しかし、そのように我々が大きな流れの一部を形作ることが出来るのは、様々な人々のおかげである。特に、東大遺骨返還プロジェクトのメンバーもメンバーでない人も含めて、アイヌ民族の方々や琉球民族の方々には感謝してもしきれない。盗んだ組織の人間である学生にも、暖かく対応していただき、活動を続けてこられている。また、大学のメンバーではない和人【わじん】の方々にも助けられている。この方たちが東京大学を批判しているのを見たのが、わたしが活動を始めたきっかけの一つだった。

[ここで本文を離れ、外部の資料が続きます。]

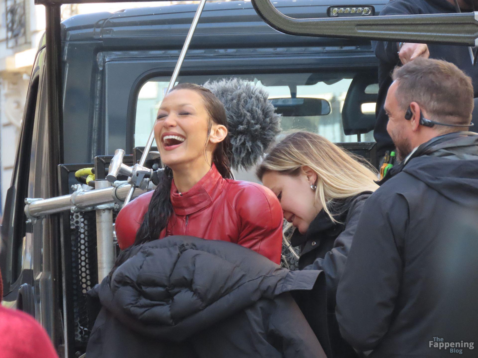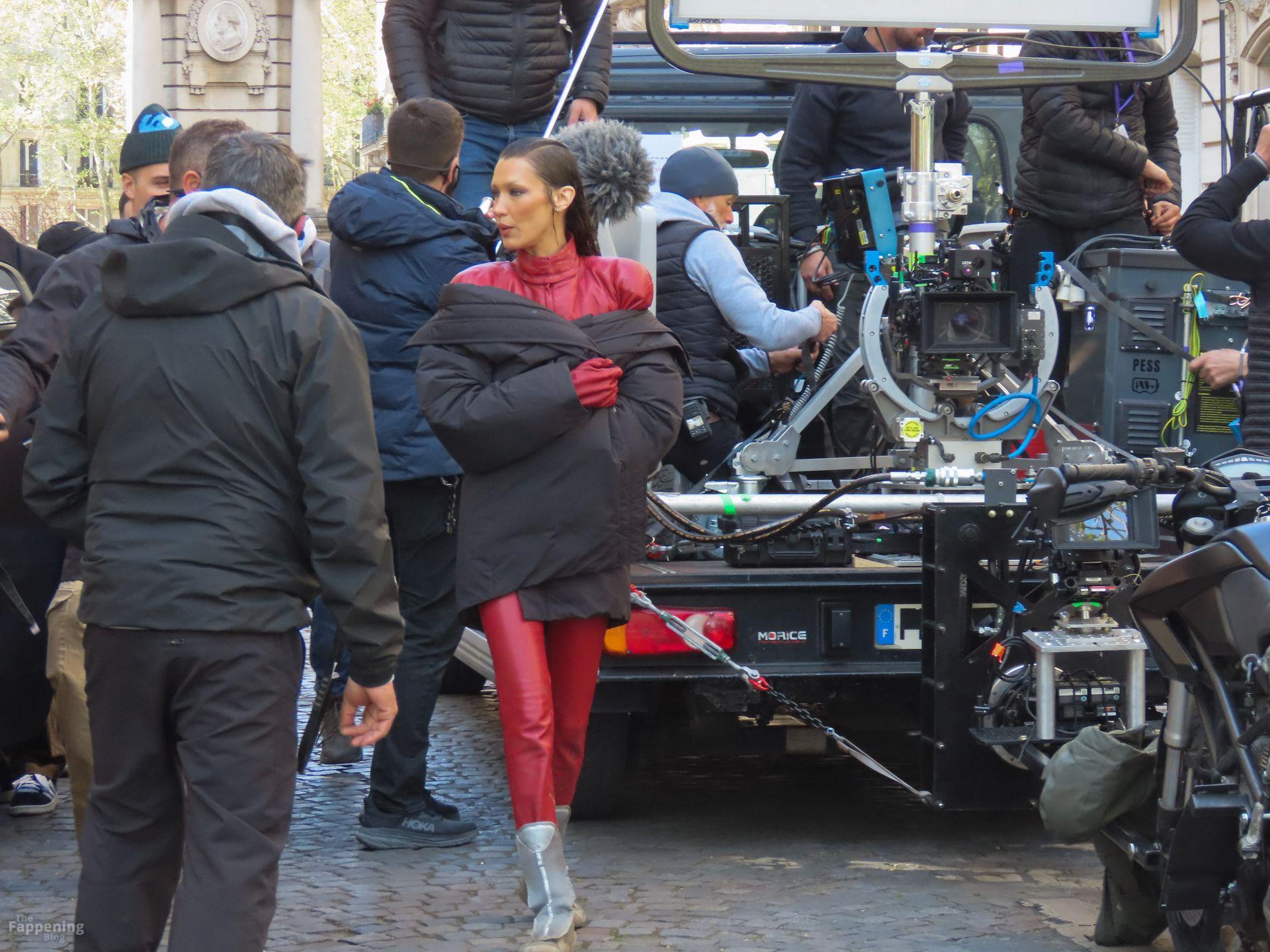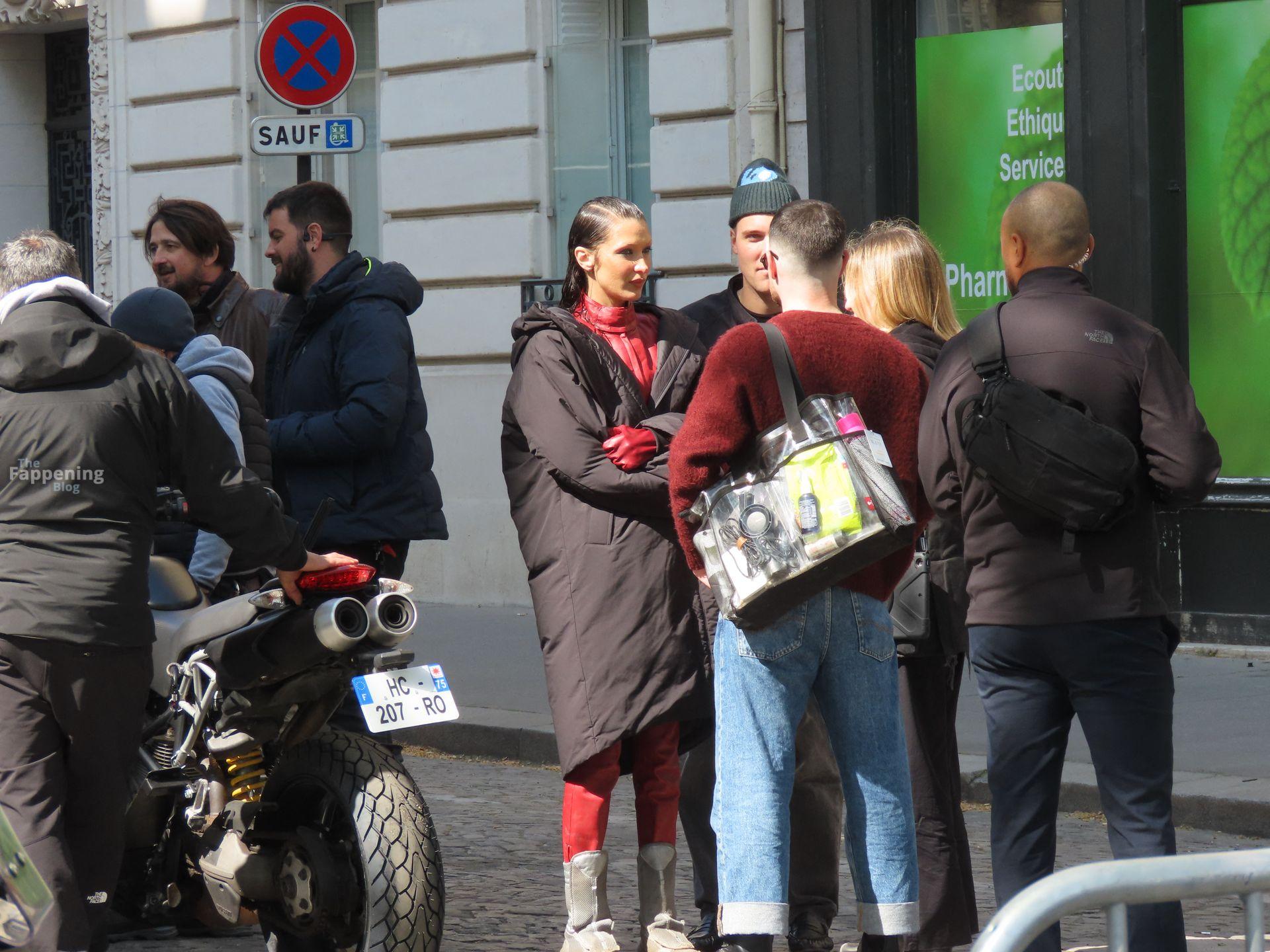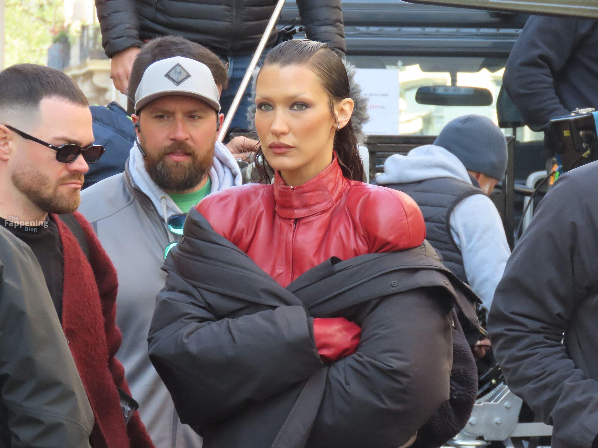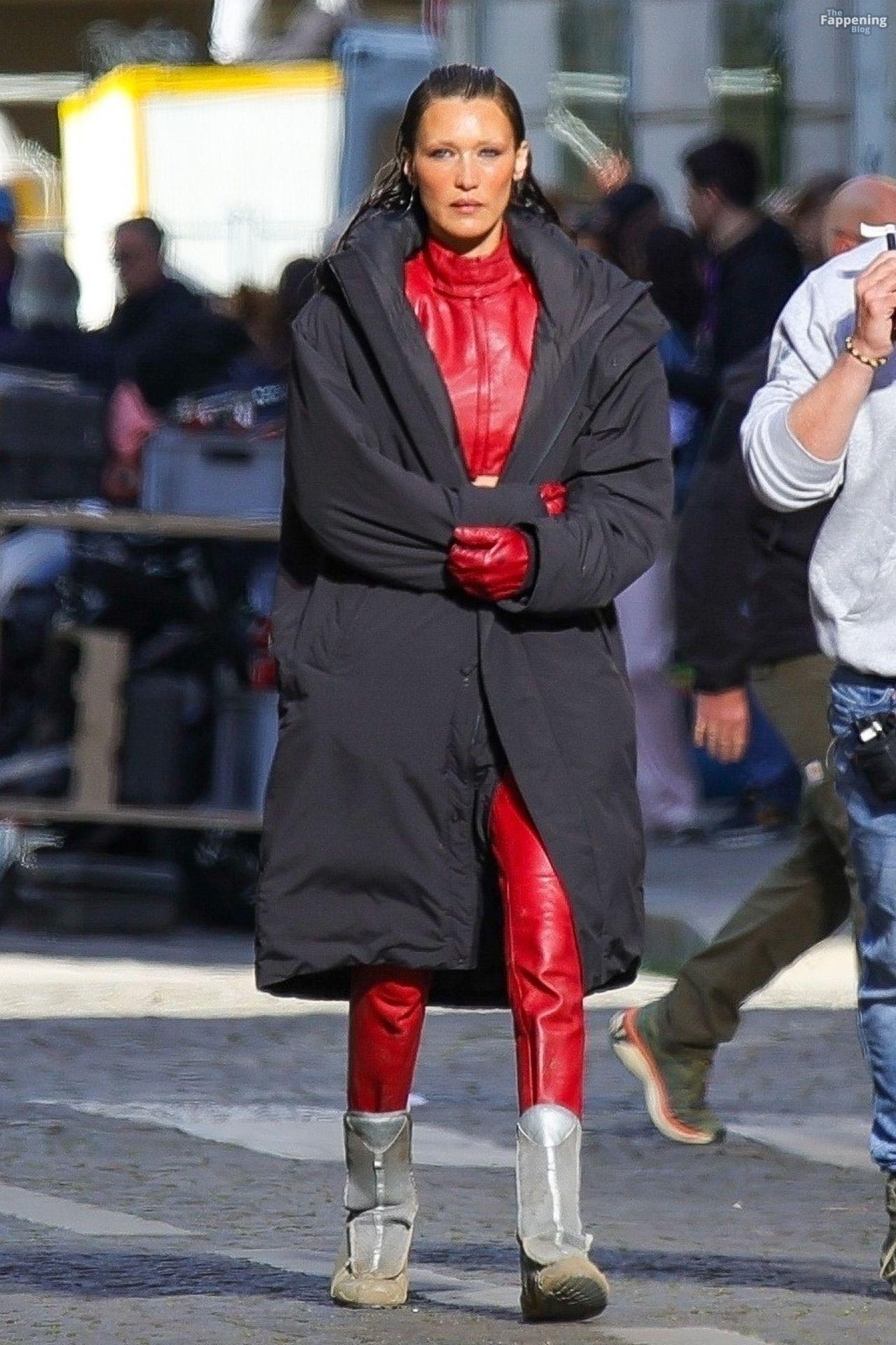 Bella Hadid a été photographiée à Paris, arborant une combinaison en cuir rouge flamboyant et chevauchant une moto. Après cette folle cascade avec un mannequin, elle joue les dures avec une vilaine blessure à la jambe pour une scène de la série « The Beauty » à Paris, France.

今後の活動としては、継続的な取り組みが必要になると考える。もちろん、短期的に遺骨を一刻も早く返さなければならない。しかし、問題は根深い。アイヌの海馬沢博【かいばさわ・ひろし】さんが1980年に北海道大学へ遺骨について問い合わせてからそろそろ50年ほどになる。琉球の松島泰勝【まつしま・やすかつ】さんが2017年に京都大学へ遺骨について問い合わせてからそろそろ10年ほどになる。多くの人が長年かけて作った流れがある。それで解決できていない問題を私たちが加わるだけで解決できるわけもない。しかし、琉球民族の松島【まつしま】さんは、2025年に「運動の初めとは全然違う。今の方が反応がよい」と言っていた。続けて、広げて、そして変えていく。東京大学が盗んだ様々な民族の遺骨を全て返し、文化財も返し、植民地主義と差別を終わらせるそうした場所に変えていくことを願う。そして世界をそのような場所に変えていきたい。